If you want to spend less, the very first step is to pay attention to what you’re spending money on. Then think seriously about the necessity of everything you buy. Try to avoid impulse purchases by giving yourself the time to think carefully about whether you really need and can afford the item.
As a rule of thumb, all loans except your home mortgage are bad. So try not to take on any new debt and pay off your credit card in full every month. Keep a rainy day fund so that emergency expenses don’t end up on your credit card. And if you are in a position to pay off debt, focus first on the most expensive debt.
The best way to save is to automate the process by setting up a direct debit to a deposit account. This creates a savings habit and will make you much less likely to reduce or stop monthly contributions. And mentally putting this account out of easy reach will help you avoid the temptation of raiding it in the short term.
Financial planning is essentially about how we should allocate our money over our whole lives. For most of us, this means we must put some money away (in investments and pensions) for a time when we have no employment income. To put it simply, buying a Ford Fiesta now rather than a Ford Focus (and investing the difference) could mean your 70 year old self can drive a Lexus (rather than a Yaris!)

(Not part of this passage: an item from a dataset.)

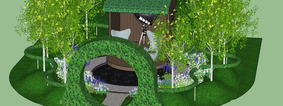 Located in a woodland glade, The Star Gazer’s Retreat houses a sedum-roofed observatory, which provides space to observe the stars by night and to relax and enjoy the garden and its wildlife by day. Home to an eccentric astronomer, the design features quirky sculptural elements inspired by outer space. The garden is entered via a planted star gate and encircled by a hydroponic living sculpture. It comes alive at night, when the nocturnal plants release their fragrance and the stars are reflected in the pool. The garden was inspired by an exhibition of the work of local astronomer and photographer Peter Shah, who captures inspirational photographs of the stars from his garden shed.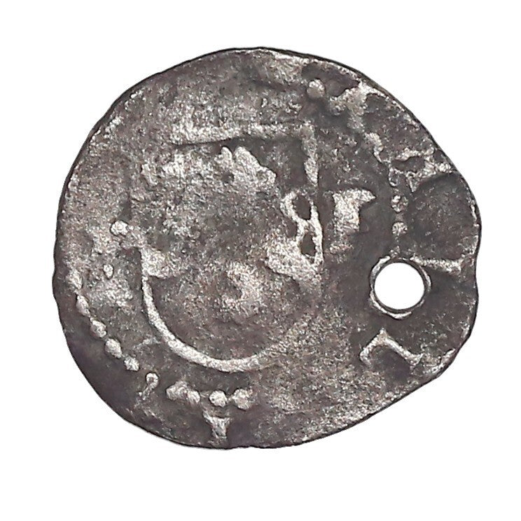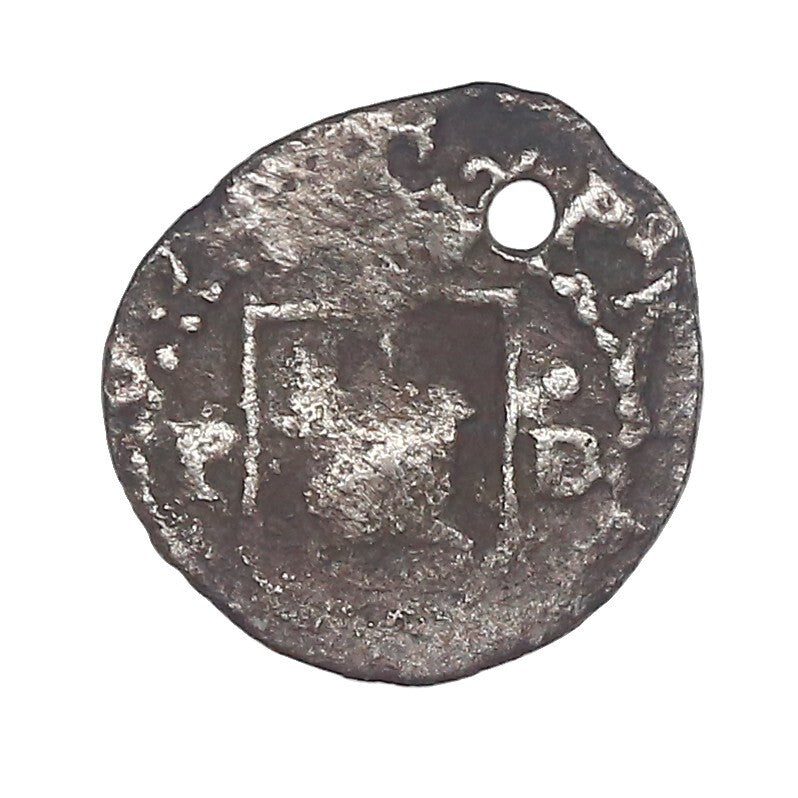 0.57 gram. Some legend, bold full P-dot-D and *-P, slightly porous Fine with some dark toning, holed to right of crown.

The State Pension may have been increased by €5 a week (whoopie doo!) but let’s not plan that Mediterranean cruise just yet. Much more importantly, continued pension contribution tax relief remains. It’s one of the last few meaningful tax reliefs so now is not the time to stop thinking about saving for retirement.
A reduction in USC (and a few other very minor tweaks to tax credits) will result in us all seeing a little bit more money in our pocket. This may provide an opportunity firstly, to begin to pay off expensive debt, and secondly to save more. The DIRT (tax on savings) reduction from 41% to 39% is pretty irrelevant with deposit rates so low so once you have an appropriate emergency cash reserve you really do need to consider a higher earning medium to long term investment strategy.
The controversial Help to Buy Scheme offers first time buyers a tax refund of 5% of the value of a new home worth up to €600,000 but with a maximum rebate (from income tax already paid) of €20,000. Money Smart is a strong believer that you should own your own home (see our blog on this here) so this new incentive will hopefully help.
The Home Renovation Incentive Scheme has been extended for two more years. This popular tax credit effectively gives you full relief against the 13.5% VAT rate on home repairs or improvements. On top of that, the very practical Rent a Room (Tax) Relief rises to €14,000 per annum, although Airbnb is excluded.
While the rise in the parent to child inheritance tax threshold to €310k is welcome, the continued inclusion of the family home in the taxable estate and the unchanged 33% inheritance tax rate ensures that the many of us will also be passing on a very large tax bill to our children. Thus the need for financial planning advice on how to minimise this liability remains as important as ever.